DIRECTIONS
Of all the entries below, retype only the lines from the one with "При прекращении питания" through the one with "Incraftables Natural Stone", exactly as they appear.

TASK INPUT
· · ·
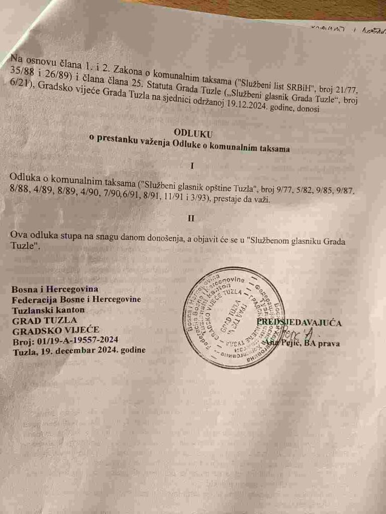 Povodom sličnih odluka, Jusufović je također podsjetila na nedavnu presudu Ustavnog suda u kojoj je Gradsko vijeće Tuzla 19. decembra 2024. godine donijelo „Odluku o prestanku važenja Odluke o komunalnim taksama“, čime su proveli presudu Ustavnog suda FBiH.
· · ·
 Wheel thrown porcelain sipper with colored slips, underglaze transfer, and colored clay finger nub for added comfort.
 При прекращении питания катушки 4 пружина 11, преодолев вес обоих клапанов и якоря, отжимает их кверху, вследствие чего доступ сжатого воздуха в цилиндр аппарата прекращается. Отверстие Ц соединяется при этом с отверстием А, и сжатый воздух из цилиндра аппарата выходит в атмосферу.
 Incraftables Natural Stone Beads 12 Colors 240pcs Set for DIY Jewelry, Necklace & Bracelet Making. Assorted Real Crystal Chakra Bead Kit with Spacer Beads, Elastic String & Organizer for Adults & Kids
· · ·
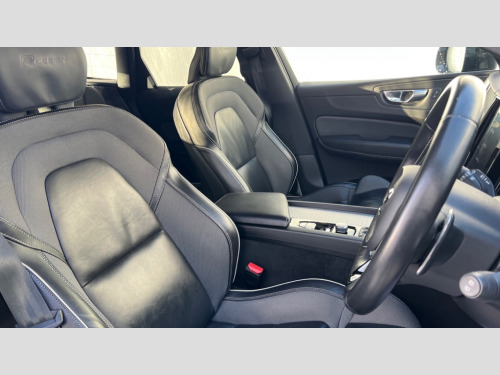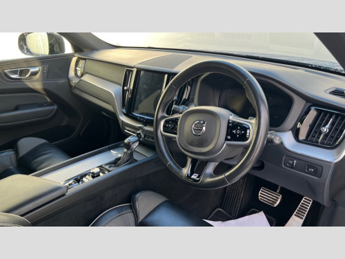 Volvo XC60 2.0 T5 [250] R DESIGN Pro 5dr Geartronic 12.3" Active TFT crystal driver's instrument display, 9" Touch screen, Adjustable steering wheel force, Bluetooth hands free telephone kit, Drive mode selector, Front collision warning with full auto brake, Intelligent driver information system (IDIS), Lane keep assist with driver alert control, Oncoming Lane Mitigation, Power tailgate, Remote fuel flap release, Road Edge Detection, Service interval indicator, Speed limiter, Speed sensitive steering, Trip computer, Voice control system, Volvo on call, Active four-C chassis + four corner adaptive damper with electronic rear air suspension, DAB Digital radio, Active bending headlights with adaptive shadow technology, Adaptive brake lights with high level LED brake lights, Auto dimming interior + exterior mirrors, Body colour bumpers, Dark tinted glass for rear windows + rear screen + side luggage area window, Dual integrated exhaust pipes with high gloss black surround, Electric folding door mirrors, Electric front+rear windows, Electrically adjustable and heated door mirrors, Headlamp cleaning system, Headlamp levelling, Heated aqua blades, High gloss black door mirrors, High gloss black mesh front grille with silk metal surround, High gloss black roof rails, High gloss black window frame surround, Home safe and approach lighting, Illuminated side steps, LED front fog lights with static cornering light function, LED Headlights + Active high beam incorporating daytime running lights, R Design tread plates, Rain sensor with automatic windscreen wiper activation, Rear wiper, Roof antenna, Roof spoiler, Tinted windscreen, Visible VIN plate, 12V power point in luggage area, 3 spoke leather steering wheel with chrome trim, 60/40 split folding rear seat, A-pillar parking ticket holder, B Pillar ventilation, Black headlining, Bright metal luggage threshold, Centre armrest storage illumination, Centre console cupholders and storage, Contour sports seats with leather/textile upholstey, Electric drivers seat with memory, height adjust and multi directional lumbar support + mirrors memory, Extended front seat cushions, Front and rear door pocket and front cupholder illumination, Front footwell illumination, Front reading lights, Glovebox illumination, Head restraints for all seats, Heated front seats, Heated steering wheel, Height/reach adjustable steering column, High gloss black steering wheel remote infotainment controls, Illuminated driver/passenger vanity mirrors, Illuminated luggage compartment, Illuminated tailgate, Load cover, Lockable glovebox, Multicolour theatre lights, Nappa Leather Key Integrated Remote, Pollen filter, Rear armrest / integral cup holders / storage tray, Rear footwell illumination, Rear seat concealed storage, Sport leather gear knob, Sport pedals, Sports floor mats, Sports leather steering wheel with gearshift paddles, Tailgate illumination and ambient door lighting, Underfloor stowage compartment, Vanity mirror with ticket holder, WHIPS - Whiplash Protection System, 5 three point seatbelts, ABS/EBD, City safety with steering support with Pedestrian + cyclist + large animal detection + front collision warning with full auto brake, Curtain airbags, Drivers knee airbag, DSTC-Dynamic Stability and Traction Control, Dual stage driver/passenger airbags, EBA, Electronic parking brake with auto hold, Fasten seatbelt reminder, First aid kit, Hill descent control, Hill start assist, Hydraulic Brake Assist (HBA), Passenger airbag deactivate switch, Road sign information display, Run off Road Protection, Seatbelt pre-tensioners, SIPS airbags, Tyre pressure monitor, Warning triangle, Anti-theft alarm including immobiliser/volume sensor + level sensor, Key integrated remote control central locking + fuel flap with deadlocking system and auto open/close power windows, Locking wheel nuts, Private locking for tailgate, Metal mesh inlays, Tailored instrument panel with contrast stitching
· · ·
SOLUTION
 При прекращении питания катушки 4 пружина 11, преодолев вес обоих клапанов и якоря, отжимает их кверху, вследствие чего доступ сжатого воздуха в цилиндр аппарата прекращается. Отверстие Ц соединяется при этом с отверстием А, и сжатый воздух из цилиндра аппарата выходит в атмосферу.
 Incraftables Natural Stone Beads 12 Colors 240pcs Set for DIY Jewelry, Necklace & Bracelet Making. Assorted Real Crystal Chakra Bead Kit with Spacer Beads, Elastic String & Organizer for Adults & Kids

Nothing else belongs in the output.